__WHAT IS REQUIRED__:
Type the entries out again exactly as they read, but leave every picture behind.

__Data items__:
----
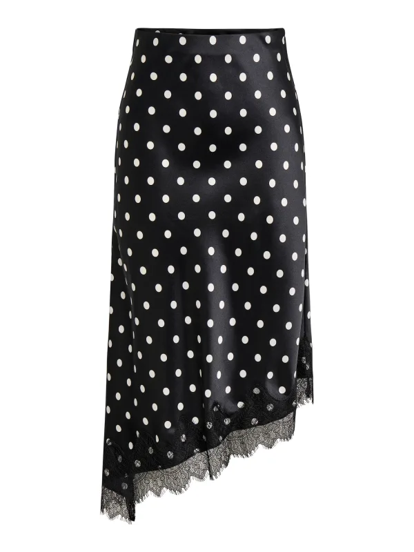 Design: Asymmetrische zoom, Elastische taille/zoom, Zoom/rand met boord; Materiaal: Satijn; Motief: Gestippeld; Details: Kant; Extra's: All-over patroon, Gladde stof; Lengte: 3/4 lengte; Pasvorm: Normale pasvorm; Taillehoogte: Mid waist
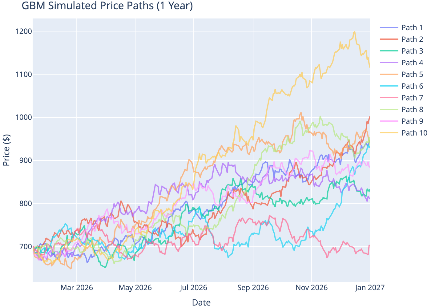 We simulate 10 possible price paths for a stock over 1 year using historical SPY parameters.
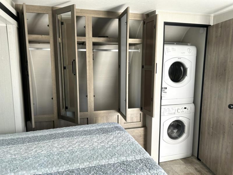 Private front bedroom with queen bed slide, large wardrobe, washer/dryer prep, and its own entrance
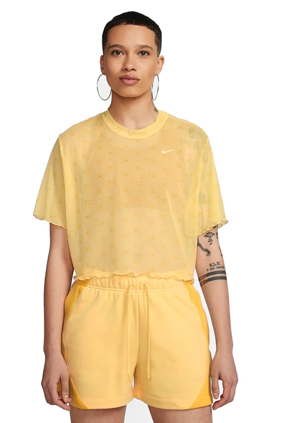 Nike, Tricou crop din plasa cu imprimeu logo Air, Galben pai
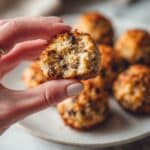 Keywords: Bisquick sausage balls, sausage balls recipe, appetizer, party food, easy snack, ground sausage appetizer, cheddar cheese snack
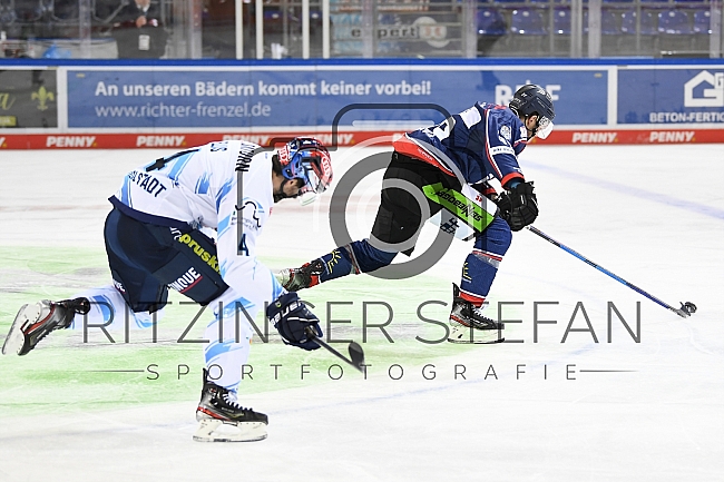 Beschreibung: Im Bild Nick Latta (Nr.39 - Straubing Tigers), Morgan Ellis (Nr.4 - ERC Ingolstadt).
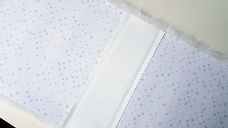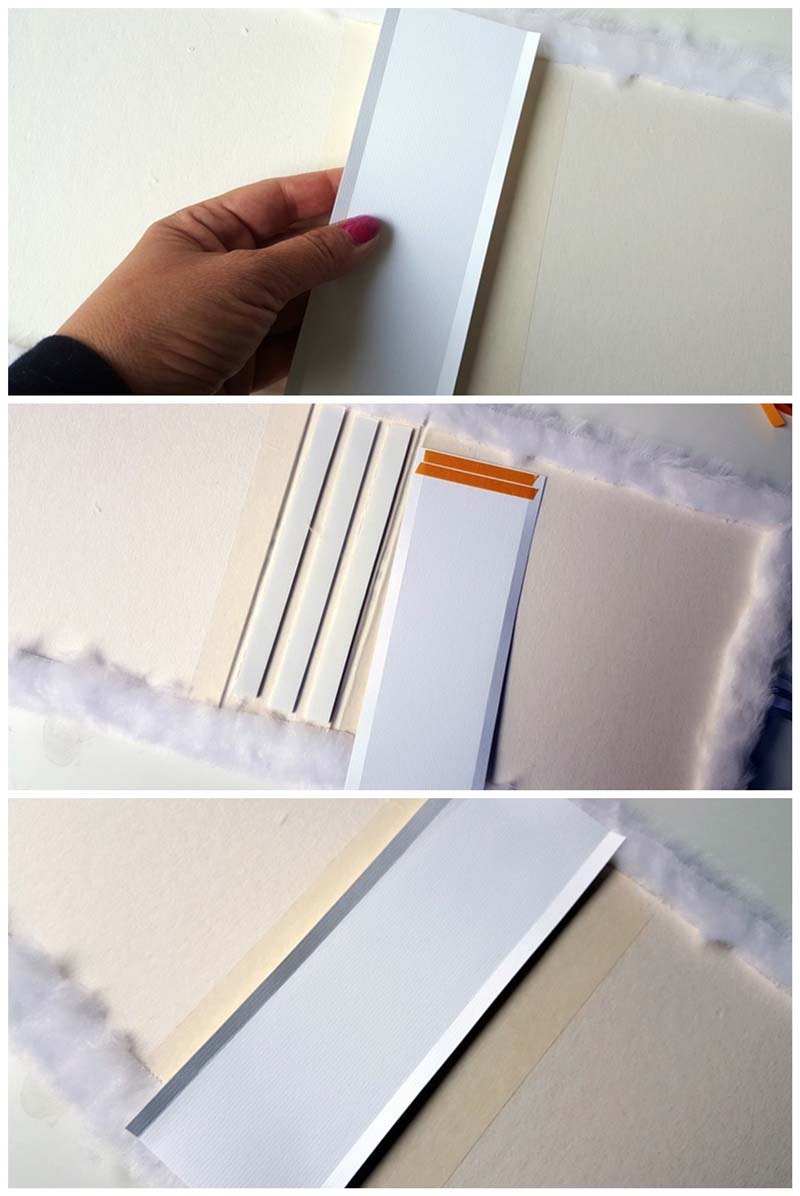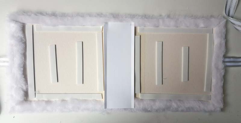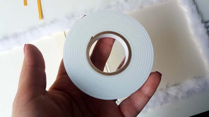 Egy 7 cm széles, 19 cm hosszú papírcsíkot bebigeltem a szélétől 1-1 cm-re (tehát a borító hajtásvonalát előre megcsináltam a papírcsíkomon is), a karton gerincre sűrű csíkokban 3D ragasztócsíkot húztam, a fehér papír két rövidebb végére kétoldalast tettem, mert ott rögzül majd a szőrökhöz, utána rányomtam a papírcsíkomat.
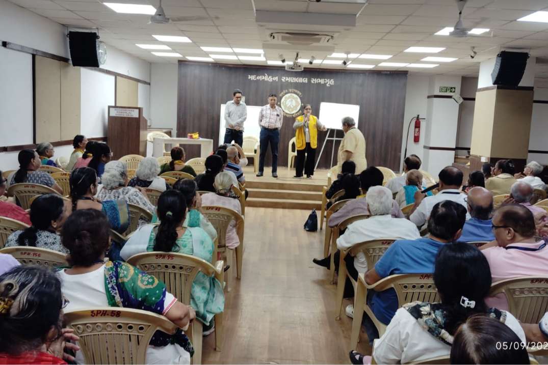 At Sadvichar parivar Varishth group meeting Doctor Chinu Bhai Kikani has discussed among senior citizens regarding Mental Health care .90 members has attended the event including 8 members of Suvichar club with Club president Lion Bina garg.
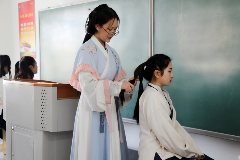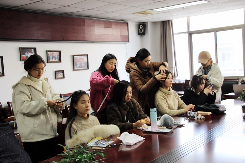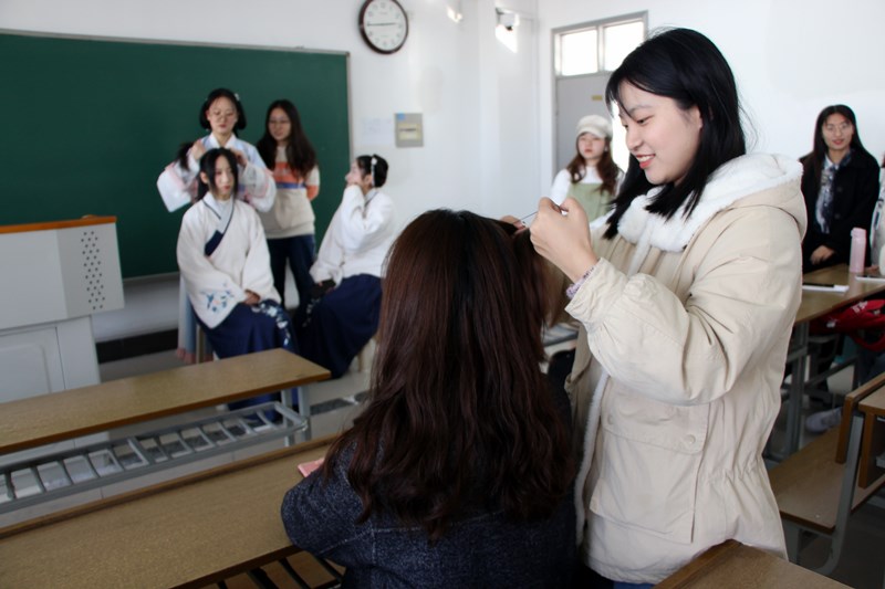 珠翠琳琅,环佩叮当。讲课课堂后,同学们分组合作进行编发比赛,欢声笑语,双手翻飞。李楠向大家介绍了秦汉至宋明时期的经典发型,发型的不断演变与发髻式样的多元发展展现了历史长河中时代风尚与审美意识的变迁。许佳怡则通过不同时期妆发与服装的视频进一步向大家展示了国风古韵的动人魅力。教学课堂在赞叹与收获中结束。
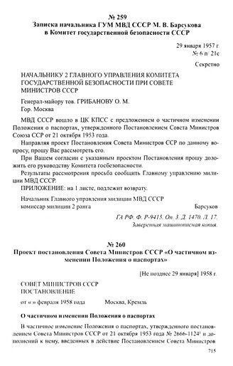 Предложения МВД СССР об отмене паспортных ограничений для отдельных категорий граждан. 1957-1959 гг. Проект постановления Совета Министров СССР «О частичном изменении Положения о паспортах». [Не позднее 29 января] 1958 г.
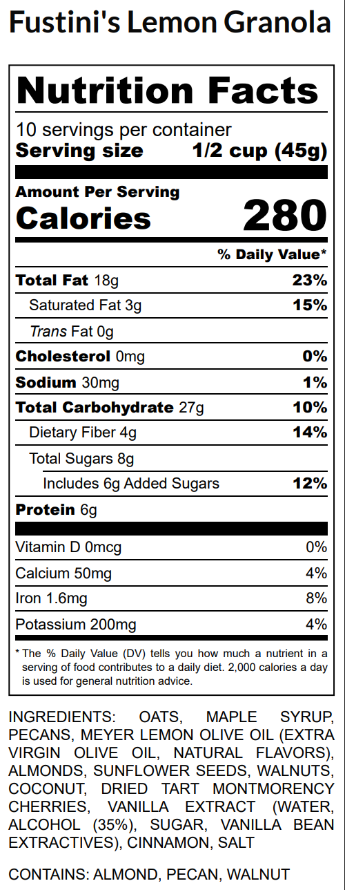 Golden and gently crisp, this granola layers bright Meyer Lemon Olive Oil with Harwood Gold maple syrup, toasted oats, Michigan cherries, and vanilla. Naturally sweet, citrusy, and sunkissed —this granola pairs beautifully with yogurt, packs easily, and brings a spark to every bite.
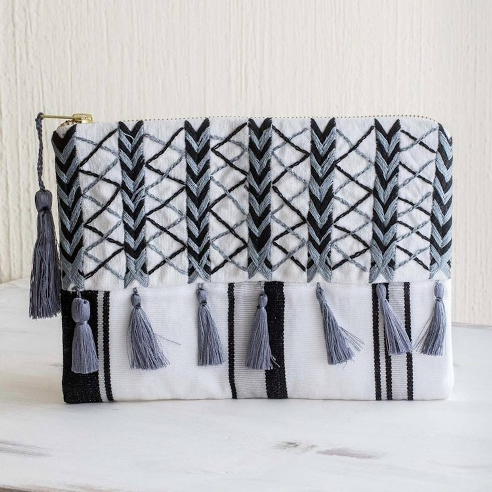 Black Grey Embroidered White Cotton Cosmetic Bag 'Monochrome Zigzags' Item ID: 2671776688
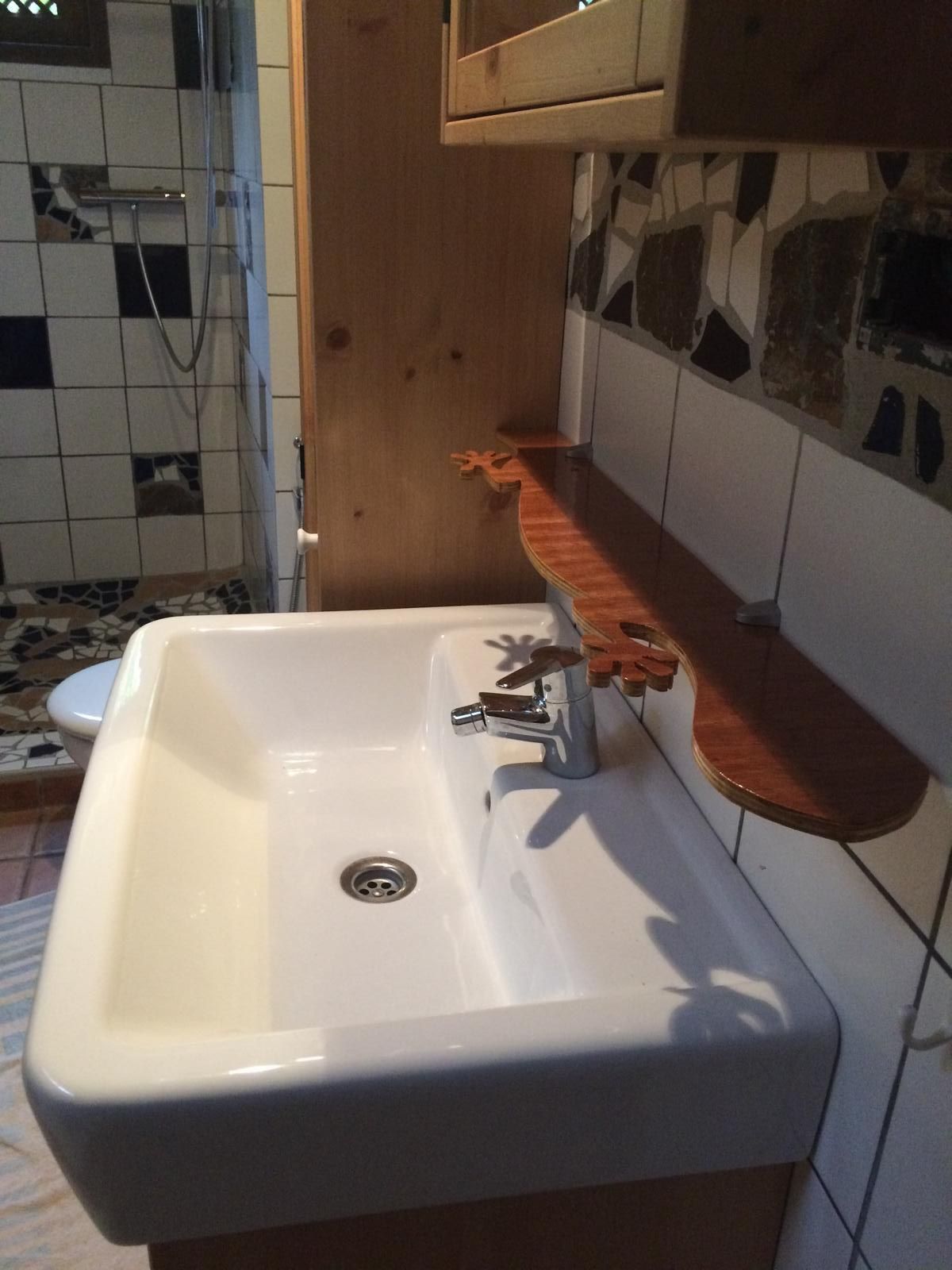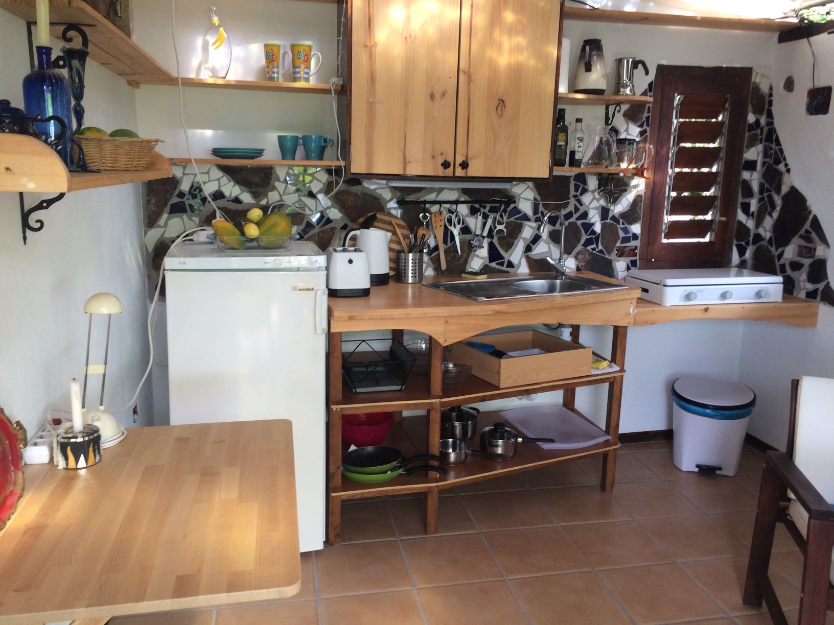 - Küchenzeile: Grundausstattung, Gasherd, Kühlschrank, Toaster, Wasserkocher, Isolierkanne mit Kaffeefilter, Geschirrtücher, Spülmittel u. -schwämmchen, Wasserfilter (kein Trinkwasser schleppen mehr)
----
__ANSWER SECTION__:
 Design: Asymmetrische zoom, Elastische taille/zoom, Zoom/rand met boord; Materiaal: Satijn; Motief: Gestippeld; Details: Kant; Extra's: All-over patroon, Gladde stof; Lengte: 3/4 lengte; Pasvorm: Normale pasvorm; Taillehoogte: Mid waist
 We simulate 10 possible price paths for a stock over 1 year using historical SPY parameters.
 Private front bedroom with queen bed slide, large wardrobe, washer/dryer prep, and its own entrance
 Nike, Tricou crop din plasa cu imprimeu logo Air, Galben pai
 Keywords: Bisquick sausage balls, sausage balls recipe, appetizer, party food, easy snack, ground sausage appetizer, cheddar cheese snack
 Beschreibung: Im Bild Nick Latta (Nr.39 - Straubing Tigers), Morgan Ellis (Nr.4 - ERC Ingolstadt).
 Egy 7 cm széles, 19 cm hosszú papírcsíkot bebigeltem a szélétől 1-1 cm-re (tehát a borító hajtásvonalát előre megcsináltam a papírcsíkomon is), a karton gerincre sűrű csíkokban 3D ragasztócsíkot húztam, a fehér papír két rövidebb végére kétoldalast tettem, mert ott rögzül majd a szőrökhöz, utána rányomtam a papírcsíkomat.
 At Sadvichar parivar Varishth group meeting Doctor Chinu Bhai Kikani has discussed among senior citizens regarding Mental Health care .90 members has attended the event including 8 members of Suvichar club with Club president Lion Bina garg.
 珠翠琳琅,环佩叮当。讲课课堂后,同学们分组合作进行编发比赛,欢声笑语,双手翻飞。李楠向大家介绍了秦汉至宋明时期的经典发型,发型的不断演变与发髻式样的多元发展展现了历史长河中时代风尚与审美意识的变迁。许佳怡则通过不同时期妆发与服装的视频进一步向大家展示了国风古韵的动人魅力。教学课堂在赞叹与收获中结束。
 Предложения МВД СССР об отмене паспортных ограничений для отдельных категорий граждан. 1957-1959 гг. Проект постановления Совета Министров СССР «О частичном изменении Положения о паспортах». [Не позднее 29 января] 1958 г.
 Golden and gently crisp, this granola layers bright Meyer Lemon Olive Oil with Harwood Gold maple syrup, toasted oats, Michigan cherries, and vanilla. Naturally sweet, citrusy, and sunkissed —this granola pairs beautifully with yogurt, packs easily, and brings a spark to every bite.
 Black Grey Embroidered White Cotton Cosmetic Bag 'Monochrome Zigzags' Item ID: 2671776688
 - Küchenzeile: Grundausstattung, Gasherd, Kühlschrank, Toaster, Wasserkocher, Isolierkanne mit Kaffeefilter, Geschirrtücher, Spülmittel u. -schwämmchen, Wasserfilter (kein Trinkwasser schleppen mehr)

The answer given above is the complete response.